- Interactive map of Ketereh
- Country: Malaysia
- State: Kelantan
- District: Kota Bharu District

Government
- • Type: Municipal council
- • Body: Ketereh District Council
- Time zone: UTC+8 (MST)
- • Summer (DST): Not observed
- Postcode: 15xxx
- Area code: +60-09-7
- Website: mdketereh.kelantan.gov.my

= Ketereh =

Town in Kelantan

Ketereh is a town and parliamentary constituency in Kelantan. It is located in the southern half of Kota Bharu District, roughly halfway between metropolitan Kota Bharu and Machang along Highway 8. The town was named after the local name for the cashew fruit, ketereh (gajus in standard Malay).

==Transportation==
===Rail===
KTM Intercity does not stop in Ketereh town. The nearest station is in Pasir Mas.
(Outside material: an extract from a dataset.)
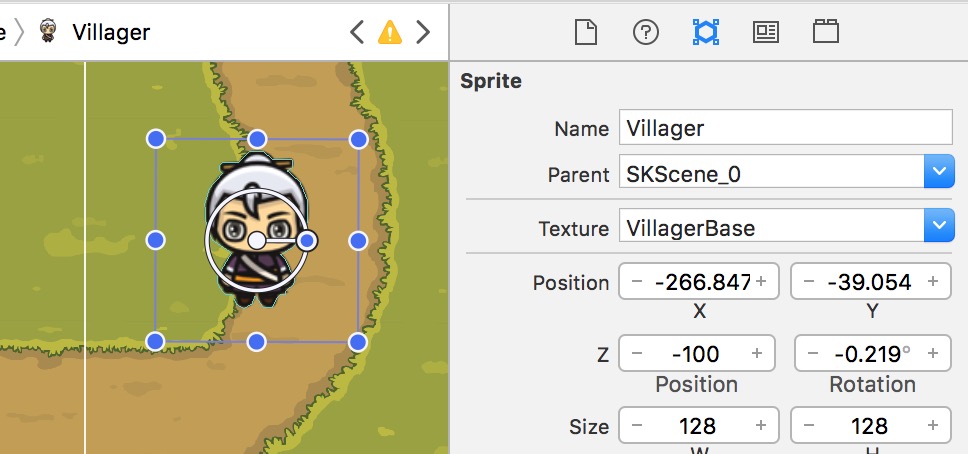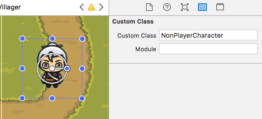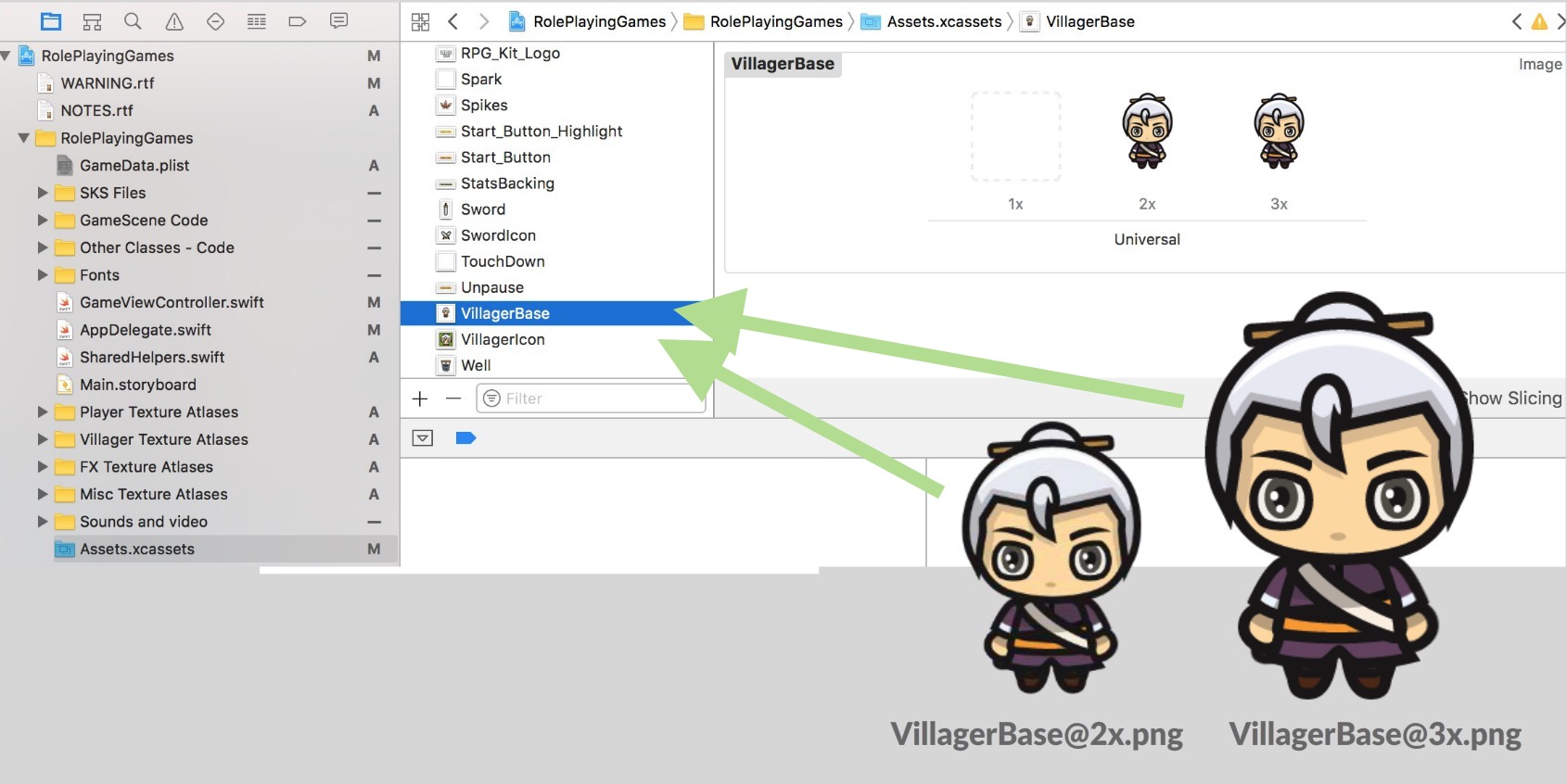 Add an initial image for the NPC to the Asset Catalog. As usual, if you drag and drop in images to Xcode with the @2x and @3x extensions they’ll automatically find their way into the appropriate 2x and 3x slots. And the base name of the source images is used as the asset name (VillagerBase)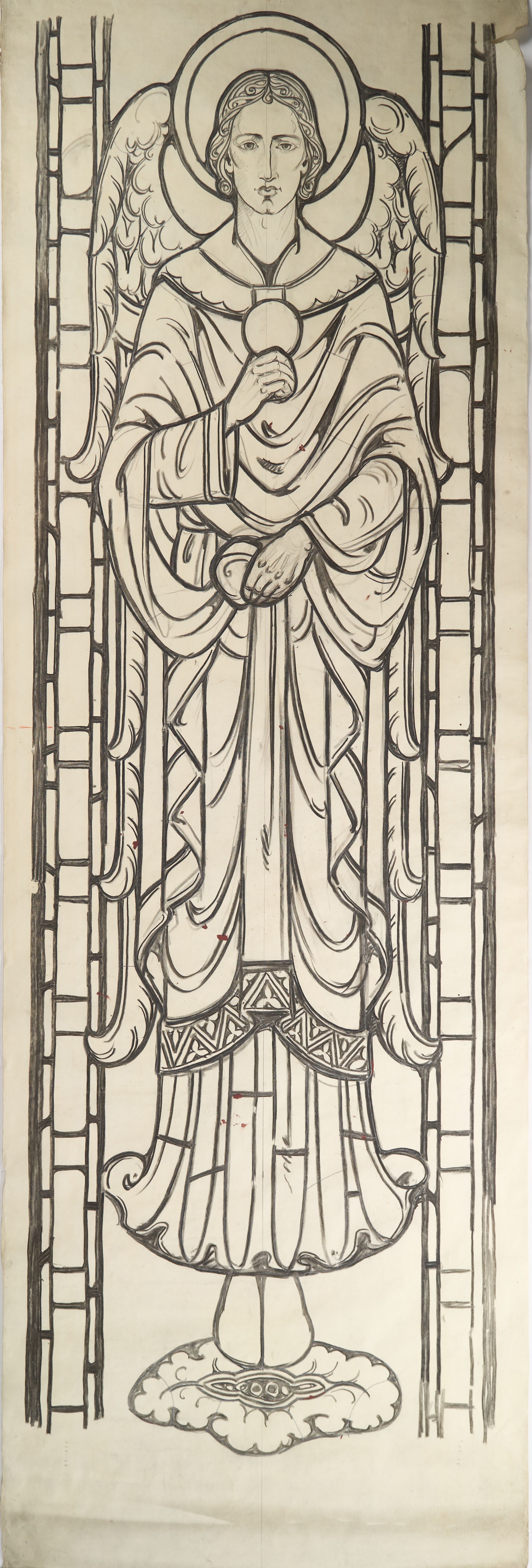 Stained glass scale cartoon, panel of the epistle side altar window at St. Leo the Great Church in Winston-Salem, North Carolina. Depicts St. Michael, angel of the Holy Eucharist, holding the Host.

==Government and politics==
Ketereh is administered by the Ketereh District Council (Majlis Daerah Ketereh), which was established on 1 January 1979 as the Kota Bharu District Council (Majlis Daerah Kota Bharu), through the merger of the Kadok, Pangkal Kalong and Peringat Local Councils.

In the Malaysian Parliament Ketereh is represented by Khlir Mohd Nor.